» **ACTIVITY**
Only the lines in the entries below from the line with "Rainbow Brite Adult, dressed" to the line with "Karanganyar – Bupati", both included, belong in the answer, transcribed exactly and without pictures.

» **INFORMATION PROVIDED**
= = = = = = =
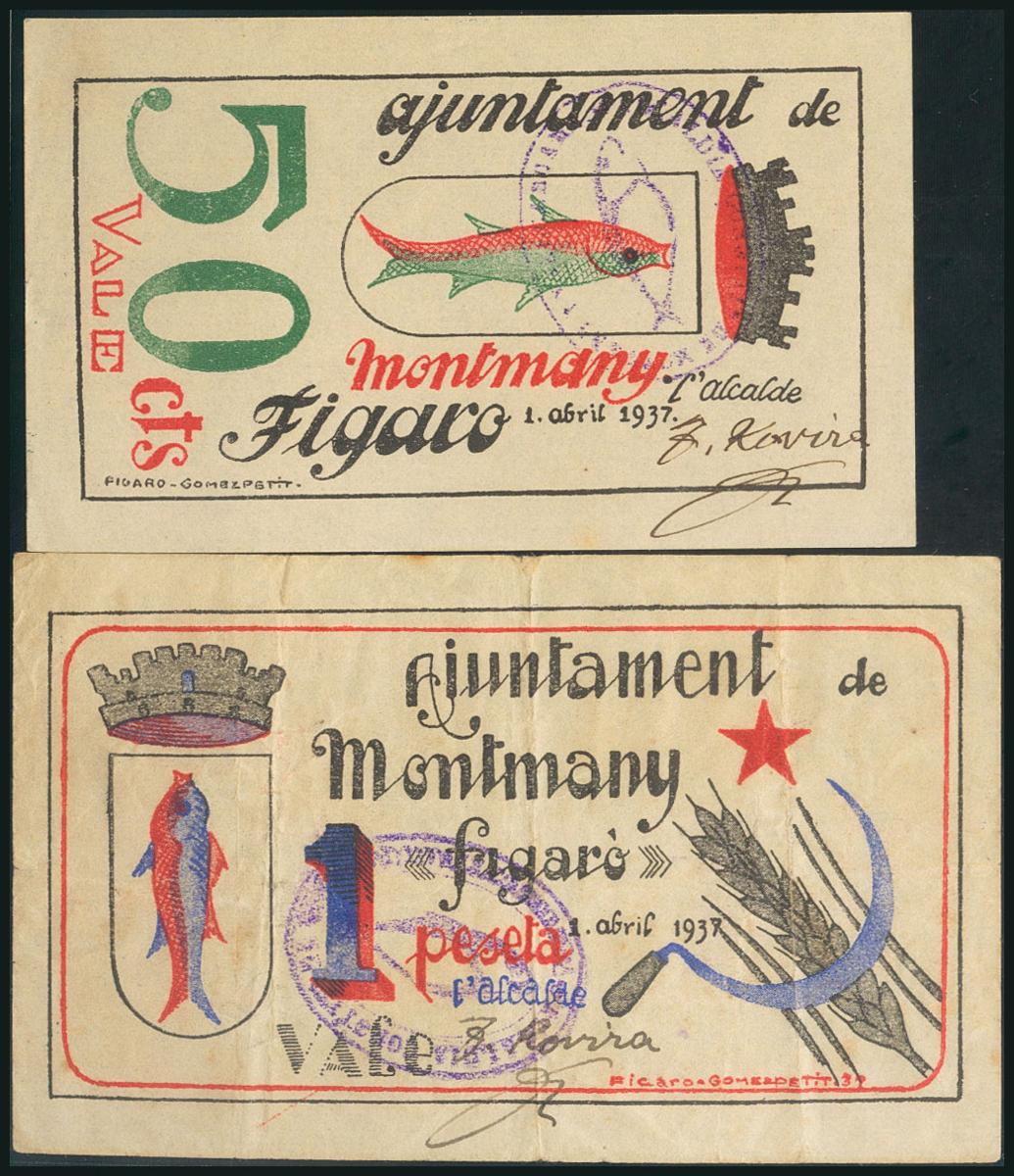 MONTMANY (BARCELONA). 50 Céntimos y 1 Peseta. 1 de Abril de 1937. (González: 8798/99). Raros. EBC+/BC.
= = = = = = =
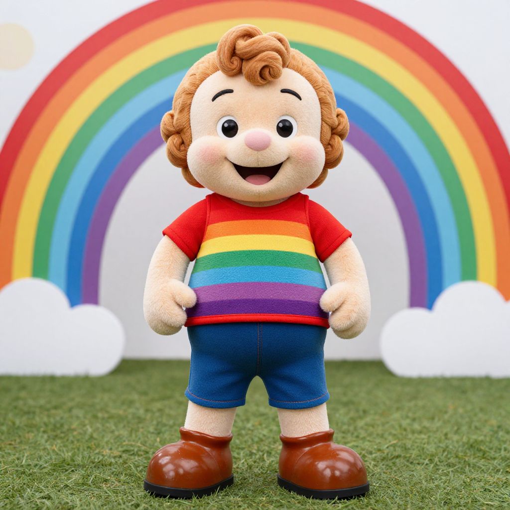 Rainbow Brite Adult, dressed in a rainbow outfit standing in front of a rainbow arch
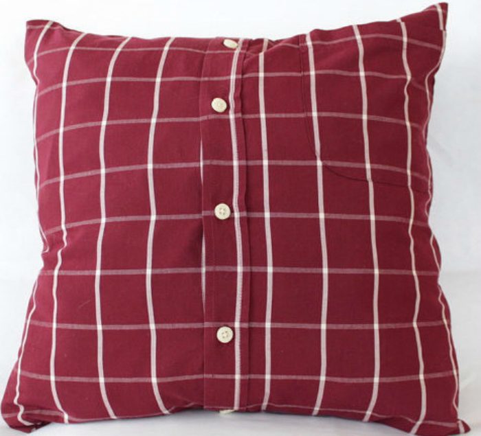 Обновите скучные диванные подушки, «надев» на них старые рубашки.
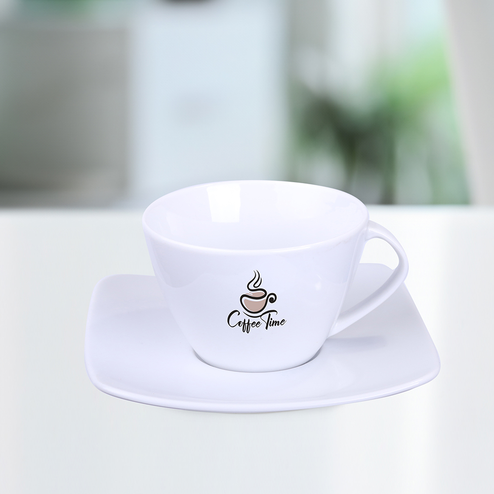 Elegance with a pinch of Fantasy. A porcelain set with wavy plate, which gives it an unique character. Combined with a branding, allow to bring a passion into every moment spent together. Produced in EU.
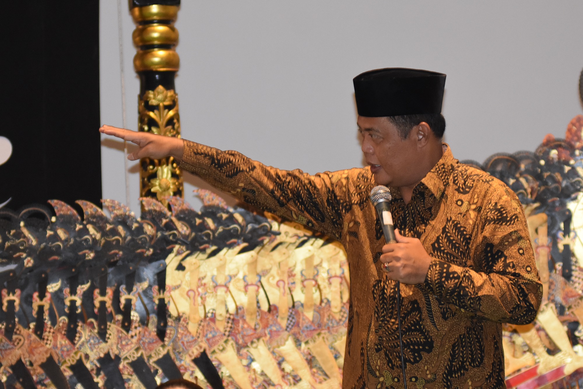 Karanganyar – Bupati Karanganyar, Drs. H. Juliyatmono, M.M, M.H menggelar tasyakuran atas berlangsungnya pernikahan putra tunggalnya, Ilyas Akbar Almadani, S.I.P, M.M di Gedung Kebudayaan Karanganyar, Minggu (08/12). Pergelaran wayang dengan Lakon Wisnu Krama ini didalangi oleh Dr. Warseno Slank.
= = = = = = =
» **TASK RESPONSE**
 Rainbow Brite Adult, dressed in a rainbow outfit standing in front of a rainbow arch
 Обновите скучные диванные подушки, «надев» на них старые рубашки.
 Elegance with a pinch of Fantasy. A porcelain set with wavy plate, which gives it an unique character. Combined with a branding, allow to bring a passion into every moment spent together. Produced in EU.
 Karanganyar – Bupati Karanganyar, Drs. H. Juliyatmono, M.M, M.H menggelar tasyakuran atas berlangsungnya pernikahan putra tunggalnya, Ilyas Akbar Almadani, S.I.P, M.M di Gedung Kebudayaan Karanganyar, Minggu (08/12). Pergelaran wayang dengan Lakon Wisnu Krama ini didalangi oleh Dr. Warseno Slank.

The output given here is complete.